Union und FDP haben mit ihrer Mehrheit im Bundestag schärfere Regeln gegen die Bestechung von Abgeordneten abgelehnt. SPD und Grüne hatten eine namentliche Abstimmung erzwungen, damit die Koalitionsabgeordneten sich für oder gegen schärfere Korruptionsregeln entscheiden müssen. Rot-Grün wollte eine Freiheitsstrafe von bis zu fünf Jahren, wenn Abgeordnete für eine Gegenleistung bestimmte Entscheidungen treffen.

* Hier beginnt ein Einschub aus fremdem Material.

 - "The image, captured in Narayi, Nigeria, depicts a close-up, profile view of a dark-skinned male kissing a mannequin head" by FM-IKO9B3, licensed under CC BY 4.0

"Das freie Mandat darf kein Freibrief für Korruption sein", sagte SPD-Fraktionsgeschäftsführer Thomas Oppermann vor der Abstimmung. Union und FDP würden die parlamentarische Demokratie mit ihrer Blockade "bis auf die Knochen" blamieren. Die Koalition hielt dagegen, es gebe bereits Regeln.  

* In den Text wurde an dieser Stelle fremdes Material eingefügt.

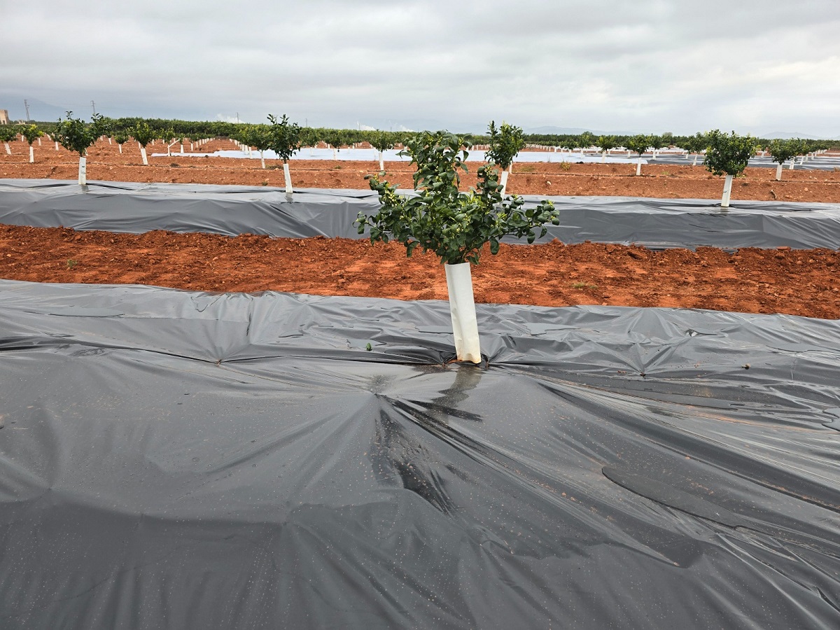 Además de beneficiar la protección fitosanitaria, las cubiertas metalizadas tienen efectos positivos en el microclima del cultivo, promoviendo un incremento en la temperatura del suelo y reduciendo el estrés hídrico al mejorar la retención de humedad, lo que acelera el crecimiento y la producción de los cítricos.

Eine Verschärfung der Bestechungsregeln ist auch notwendig, damit Deutschland das UN-Abkommen gegen Korruption ratifizieren kann. Die Bundesrepublik wurde wegen ihrer zögerlichen Haltung bereits mehrfach kritisiert. Rund 165 Staaten haben das Abkommen bereits ratifiziert. Neben Deutschland haben unter anderem Syrien und Nordkorea dies noch nicht getan.   

Union stimmt gegen Mietpreisbremse

In der letzten Sitzungswoche des Bundestages vor der Sommerpause hat die Union außerdem die Mietpreisbremse abgelehnt, die sie in ihrem Wahlprogramm verspricht. Mit den Stimmen der Koalition wurde ein entsprechender Antrag der Grünen-Fraktion abgewiesen. Dieser sah eine Ermächtigung an die Länder vor, in Gebieten mit Wohnraummangel bei Neuvermietungen nur noch Erhöhungen bis zu zehn Prozent im Vergleich zur ortsüblichen Miete zuzulassen. Genau dies fordert auch die Union im Wahlprogramm. Sie will dies aber erst nach der Wahl einführen.  

Der Bundestag beschloss außerdem, Verbraucher besser vor unseriösen Geschäftspraktiken im Internet und am Telefon zu schützen. Verabschiedet wurde ein Gesetzespaket, das unter anderem Massenabmahnungen gegen private Internetnutzer eindämmen soll. Anwälte dürfen für eine erste Abmahnung wegen illegalen Herunterladens von Bildern oder Musik künftig höchstens 155,30 Euro berechnen. Bisher sind es teils mehrere Hundert Euro.   

Gewinnspielverträge dürfen überhaupt nicht mehr am Telefon zustande kommen, sie müssen per Fax oder E-Mail bestätigt werden. Und Inkasso-Unternehmen müssen erläutern, für wen und warum sie offene Zahlungen eintreiben.